Expert Perspectives on Updates in the Management of Ulcerative Colitis - Episode 1
Maia Kayal, MD, provides and overview of ulcerative colitis, highlighting symptomology, comorbidities, and the disease impact on patient’s quality of life.
Maia Kayal, MD: Ulcerative colitis is an immune-mediated condition that is characterized by episodes of recurring and relapsing inflammation. Ulcerative colitis starts in the rectum and typically extends proximally to involve other parts of the colon. It's characterized by symptoms of urgency, frequency, bleeding, and pain. It has a significant impact on quality of life obviously because of the significant symptoms that it's associated with and can be quite debilitating to patients. The reason it's so important to consider ulcerative colitis and start with a prompt diagnosis and management is because it is associated with an increased risk of colon cancer in the long term. For patients who have had the disease for about 10 years, the risk of colon cancer is about 8%.

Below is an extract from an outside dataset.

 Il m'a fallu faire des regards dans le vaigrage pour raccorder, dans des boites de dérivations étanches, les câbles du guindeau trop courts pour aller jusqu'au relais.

The different phenotypes of ulcerative colitis include proctitis, which is disease that's limited to the rectum, left-sided colitis, which is disease that involves the colon distal to the splenic flexure, and pan-colitis, which is disease that involves the entire colon. We typically use the Montreal Classification to assess severity of ulcerative colitis. So, mild ulcerative colitis includes patients who have four or less bowel movements per day, with no significant symptoms of systemic toxicity. Moderate ulcerative colitis is for patients who have more than four bowel movements a day, with or without blood, with minimal signs of toxicity, and then severe ulcerative colitis includes patients who have more than six bloody bowel movements a day, with an increase of heart rate, fever, increase of inflammatory markers, or anemia.

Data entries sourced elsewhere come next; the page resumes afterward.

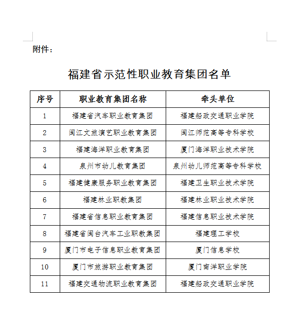 南洋社讯 近日,福建省教育厅发布《关于公布福建省示范性职业教育集团名单的通知》,由我校牵头组建的“厦门市旅游职业教育集团”获评“福建省示范性职业教育集团”。
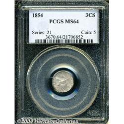 <B>1854<3CS> MS64 PCGS.</B></I> This is the first-year of issue for the Type II design three-cent silver coin, adding a doubled border around the star. The composition also changed from 75% silver to 90% or coin silver. This is a Choice Mint State example with brilliant silver surfaces and just a trace of iridescent toning. <BR><BR><B>Important notice:</B> Heritage usually auctions material at the rate of 200-250 lots per hour. On some occasions eBay Live bid software or the Internet may not be able to keep up with the pace of the auction. We recommend placing a realistic absentee bid now as insurance to avoid disappointment. Occasionally the auctioneer may eliminate or reject an eBay Live bid, and the auctioneer may also reopen a lot after the close of the eBay live bidding (usually because we missed an audience bid), and may reject your bid even if it shows you as the winning bidder. By bidding via eBay Live, you agree that Heritage may award the lot to another bidder at its sole discretion under the circumstances described above or any other reasonable circumstances. Since eBay bids are not shown to us until we open the lot on the floor, we treat those bids just like floor bids. In most cases the floor responds before the eBay bid is presented to us, due to Internet lag time, so for consistency we have made it a policy that floor bids are always considered first over tie eBay live bids. Also please note that all Heritage lots purchased through eBay Live carry a 20% Buyer's Premium. Please make sure you read the Terms and Conditions before you bid.
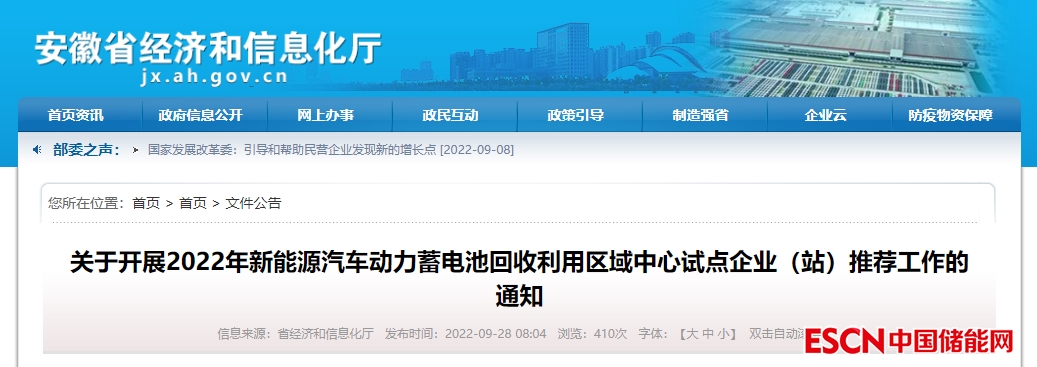 中國儲能網(wǎng)訊:日前,我省啟動2022年新能源汽車動力蓄電池回收利用區(qū)域中心試點企業(yè)(站)推薦工作。

In patients who are presenting with urgency or frequency or abdominal pain, the diagnosis of irritable bowel syndrome is sometimes given to patients even though they might have an underlying diagnosis of ulcerative colitis. So, you can see that irritable bowel syndrome, or IBS, is a common co-morbidity for patients with IBD and that's why it's super important at the beginning to really make a diagnosis early by sending labs, stool studies, and doing a colonoscopy. However, in ulcerative colitis, up to 25% of patients will have extra-intestinal manifestations which can be comorbid to their diagnosis. This includes entities like primary sclerosing cholangitis, arthritis, ankylosing spondylitis, uveitis, in addition to skin manifestations like eczema, psoriasis, and pyoderma gangrenosum.